Unified Data Structure db scrips
Code, files & db queries for the UDS data-lake on the BDAP linux platform.
0. Contents
- script to import file data into mongo db
- db queries Python/R & JSON files embedded in python or R scripts
- sample code to make use of them
- data from those C4 projects & activities:
- EEA
- DICE
- commercial vehicle specs
- ...
1. Installation
TIP: Chrome browser is a much better fit for BDAP's JEODesk service; Firefox does not send any of its default keyboard shortcuts to the Gucamole-based web-page (ie to the terminal or the IDE you run in BDAP). For instance, [Ctrl+U]/[Ctrl+U] do not kill chars left/right of the cursor, but "Show page-source" & "Search in address-bar" instead, respectively.
-
Read and apply first-time
git@BDAP
setup instructions -
Clone this repo inside your "personal-eos" dir (
/eos/jeodpp/home/users/$USER
):cd $/eos/jeodpp/home/users/$USER # use $USTORE in the future git clone https://jeodpp.jrc.ec.europa.eu/apps/gitlab/use_cases/legent/uds-scripts.git/ \ && cd uds-scripts
-
Run the cript to setup your BDAP linux account for the first time, and to create a new conda-environment to install the project:
./setup-account.sh all
NOTE: the command will modify your BDAP's rc-files to offer:
- searching terminal history with UP arrow,
- autocompletion for
git
&conda
commands, - bash & ipython aliases & variables to eos-dirs,
- prepare
git
with your identity, for when commintting.
It's better that you logout and re-login, to pick up the changes, but this is not a hard requirement for the next steps.
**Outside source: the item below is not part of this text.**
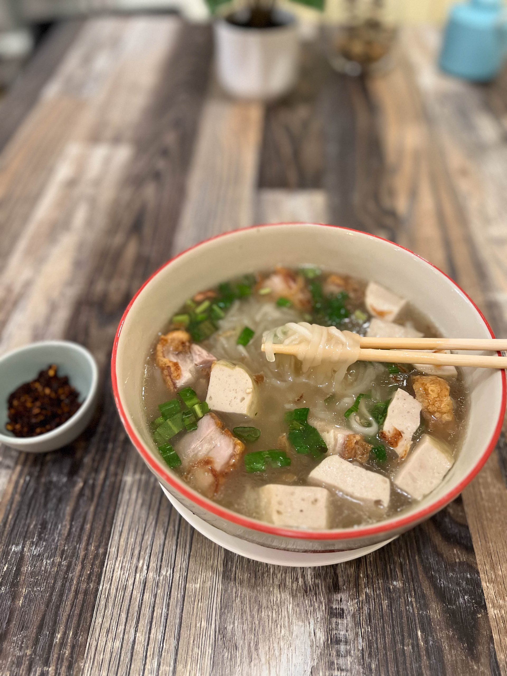 Homemade rice noodle in rich pork broth with pork baloney and crispy pork, topped with fried shallots and cilantro.

If everything went as planned, the 2nd command is just
conda activate uds-scripts
-
Activate the created conda-env:
conda activate uds-scripts
NOTE: you would have to re-issue this command every time you start a new login session or a new bash shell is launched.
-
Create a new file
mysecrets.py
inside the cloned project and paste the db credentials that will be provided to you by your db administrator. -
Setup the conda-env as your IDE's Python interpreter:
-
PyCharm: File --> Settings --> Project --> Python Interpreter --> Press gear symbol and select “Add” --> Conda Environment --> Click "Existing environment" --> Select "uds-scripts"
-
VSCode: Press [Ctrl+P] and start typing "select interpreter" and select "Python: select interpreter" it from the drop-down list, then navigate to path of the conda-env.
-
-
(optional) install and configure nextcloud-agent on your PC, to sync local files with BDAP, like "dropbox" does (read section below).
- For more info on managing Conda environments click here.
- For the bdap pycharm/conda documentation click here here
1.1. Nextcloud mapping of BDAP folders with your PC
The nextcloud BDAP service
is the only gateway of big data files into and outof BDAP
(the other one is the gitlab server, but it's for code and smaller data-files).
You may selectively upload files through its web-based service,
but it's easier to install the nextcloud-agent
on your PC and have it sync files in the background, like "dropbox" does.
We suggest to configure nextcloud-agent to sync your dirs like that:
Name BDAP path your PC path
========= ========================================= =============
private: /home/{user}/Documents <--> data
personal-eos: /eos/jeodpp/home/users/{user}/transfer <--> eos_user_home
public-eos: /eos/jeodpp/data/projects/LEGENT/transfer <--> eos_LEGENT
NOTE: by default, BDAP maps the 2nd "personal-eos" folder directly to
{user}
dir, thus leaving no space for your experiments there, beyond nextcloud's mappings; and this means wasting network bandwidth & storage on your PC while experimenting.Please reconfigure nextcloud-agent so as to replicate the setup of the "public-eos" dir, by creating a
transfer
subdir and limitting nextcloud to sync only that one.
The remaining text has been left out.